Quebec exec tackles driver shortage

by Mike King

SAINTE-MARTINE, Que. – If trucking entrepreneur Robert Goyette has his way, Quebec and France will eventually have more in common than the French language.

The president of Transport Charette Ltd., which has its headquarters in the rural community of Sainte-Martine south of Montreal, wants to introduce a unique trucker-training program to the province he said has proven successful across the Atlantic.

“There’s an astonishing lack of qualified young drivers in Quebec,” Goyette told Truck News.

“Why can someone 20 years old drive tanks in the army, fly commercial jets, vote on the future of Canada, but can’t drive a truck?” he wondered when talking about professionally trained truckers. “There are no schools here to recruit from and in Quebec you have to be 21 before you can get a Class 1 licence.”

Goyette also noted that Quebec government-run training centers “are generally for the unemployed who get paid to attend (driving classes).”

More often than not, he said those are people beyond their trucking prime or aren’t even interested in getting behind the wheel of a rig for a living.

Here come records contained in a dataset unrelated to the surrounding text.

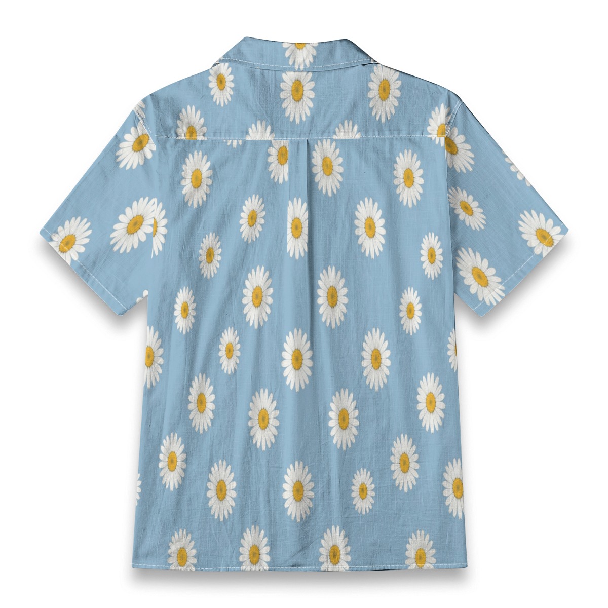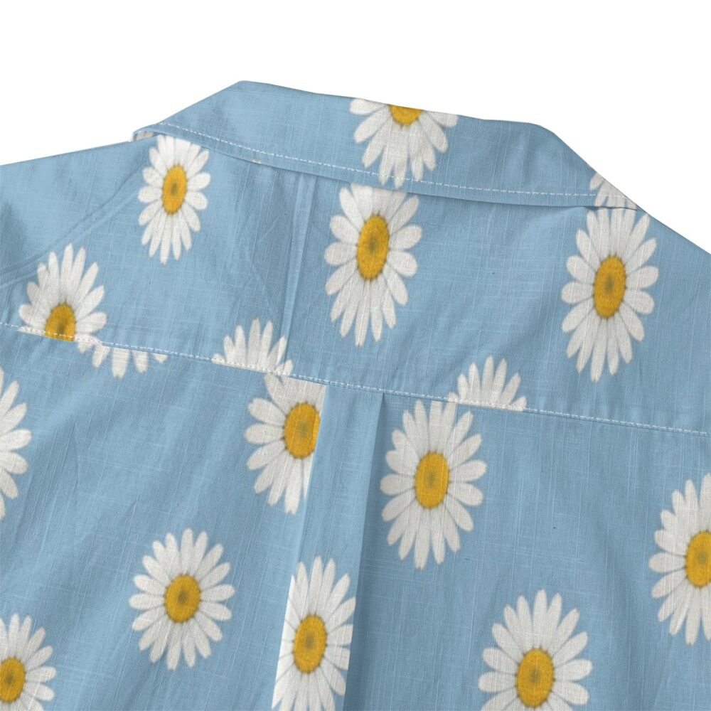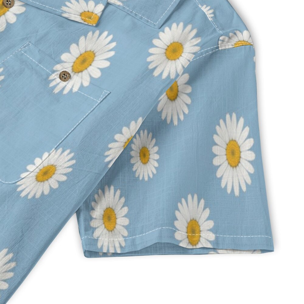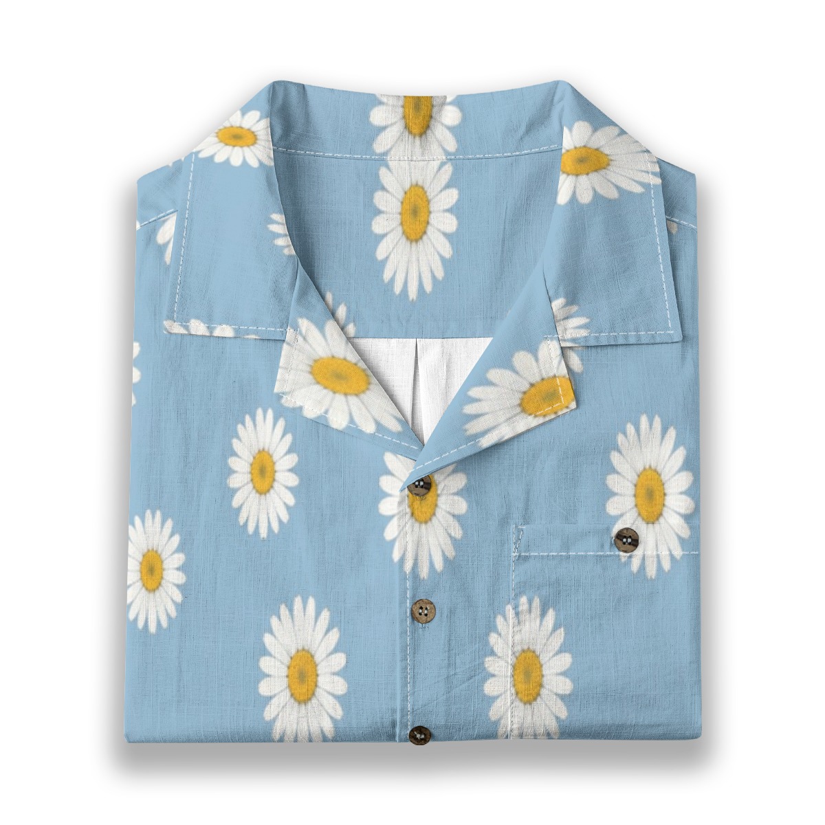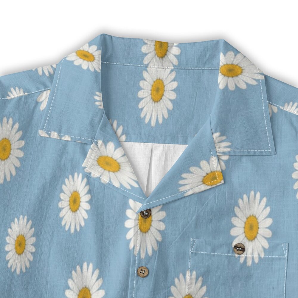 Bright daisies drift across a soft sky blue backdrop, creating a cheerful and breezy floral pattern. The white petals and golden centers bring a light, sunlit energy that feels effortlessly uplifting. Even spacing keeps the design balanced, making it perfect for a relaxed and joyful tropical mood.
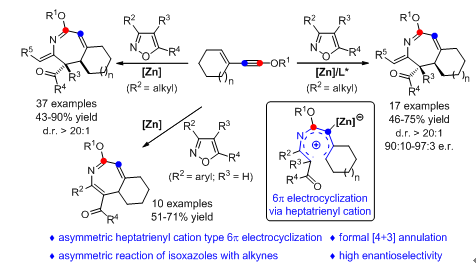 6π電環(huán)化反應(yīng)是構(gòu)建5-7元環(huán)狀化合物很重要的一類反應(yīng),由于其高立體選擇性、高原子經(jīng)濟(jì)性等優(yōu)點(diǎn),近年來受到了很大關(guān)注,已被廣泛應(yīng)用于天然產(chǎn)物和生物活性分子的合成中。但是,對(duì)于催化不對(duì)稱的6π電環(huán)化反應(yīng)卻鮮有文獻(xiàn)報(bào)道,特別是通過不對(duì)稱6π電環(huán)化反應(yīng)構(gòu)建手性七元環(huán)化合物仍未能實(shí)現(xiàn)。2015年,葉龍武課題組首次報(bào)道了異噁唑與炔烴反應(yīng),并先后實(shí)現(xiàn)了相關(guān)的形式上[3+2]和[5+2]環(huán)加成反應(yīng) (Chem. Sci. 2015, 6, 1265;Angew. Chem. Int. Ed. 2017, 56, 605)。該工作發(fā)表后,受到國內(nèi)外10多個(gè)課題組的廣泛關(guān)注,并發(fā)展了幾十類有關(guān)異噁唑與炔烴的高效成環(huán)反應(yīng)。特別是,異噁唑被認(rèn)為是炔烴氮氧雙功能化的一類普遍試劑,可應(yīng)用于各種氮雜環(huán)的高效構(gòu)筑。但是,這些反應(yīng)主要局限于貴金屬(Au和Pt)催化,且尚未有異噁唑與炔烴的不對(duì)稱催化反應(yīng)報(bào)道。
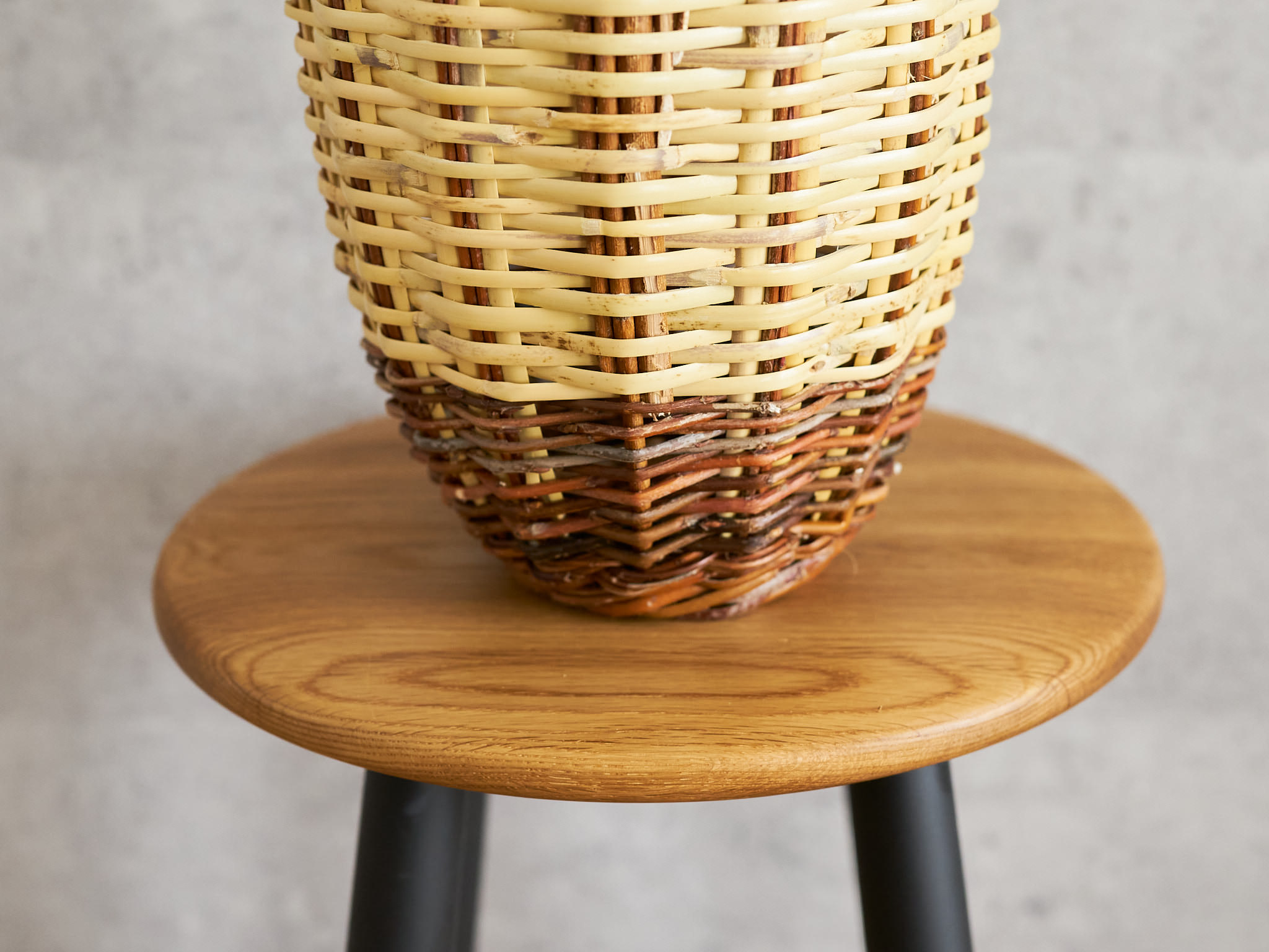 側面は明るくつやのあるカーニャで編まれています。縦骨にはやなぎ、そしてそのやなぎを支えるようにカーニャが差し込まれています。
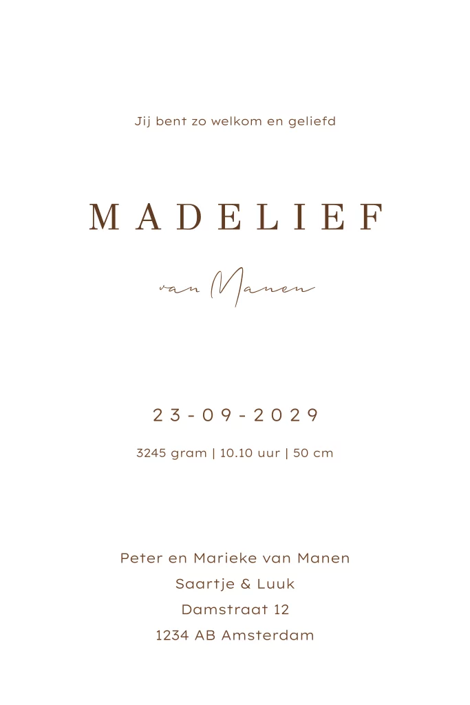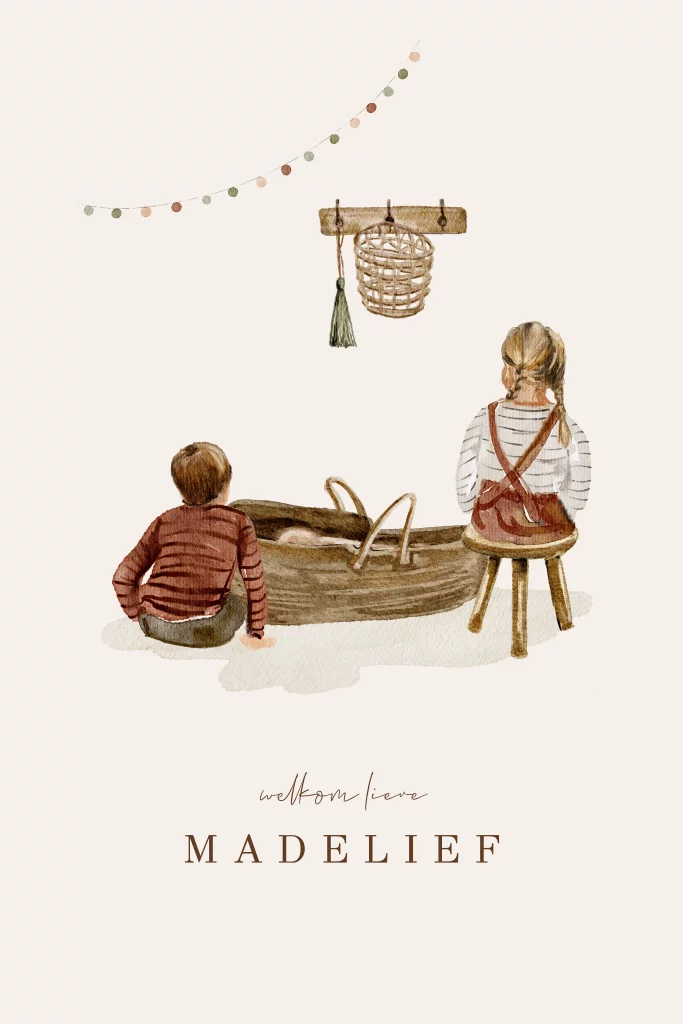 Origineel getekend geboortekaartje met een baby in mandje en een grote zus op een krukje. Aan de andere kant zit een broer op de grond. Bovenaan hangen vrolijke slingers. Mooi kaartje voor een derde kindje eventueel met folie. Het meisje kan je ook vervangen door een jongetje. Alle illustraties vind je in de beeldbank, zo kan je zelf deze kaart aanpassen naar jullie gezinssamenstelling.

“A lot of truck companies cry about the lack of qualified drivers, but nobody is taking the initiative,” Goyette claimed.

During one of his recent overseas trips, he discovered the Lycee Professionnel et Centre de Formation du Porteau – a private teaching school associated with the French government that provides a variety of training programs including truck driving (transport and logistics).

His plan is to share that model with the Quebec government.

“I’m importing (Porteau) documents from France and am going to write (Quebec) Education Minister Jean-Marc Fournier to tell him about the French system,” Goyette said.

He has political pull as past-president (five years) of the Quebec Trucking Association and 1992 founder of the Fondation pour la Formation Professionnelle en Transport Routier des Marchandises du Quebec – an organization with links to the Universite du Quebec, Montreal and Quebec City’s Universite Laval to offer post-secondary education in trucking-related subjects ranging from management and logistics to quality control and legal/economic analysis.

But that doesn’t help get more properly trained drivers on the roads, one of Goyette’s major goals.

“There are no schools to recruit from and to be a long-haul driver now, you must be bilingual and ideally trilingual because you’re dealing with U.S. and Mexican borders,” he pointed out.

In 1999, Transport Charette opened Mexuscan Cargo Ltd. in the border town of Laredo, Texas, to handle growing shipments to and from Mexico. The company also does a lot of work in neighbouring Ontario and New England so its 150 drivers have to be able to speak English as well as French.

Goyette stressed the importance of being able to communicate in order to increase proficiency at the U.S. and Mexican borders to save precious time.

He hires all his drivers in Quebec, with about a dozen of them strictly working the U.S./Mexico routes, where “I could easily use three or four more there.”

Some of the reasons he prefers to have younger drivers are because of their stamina for the long hauls and their technical knowledge.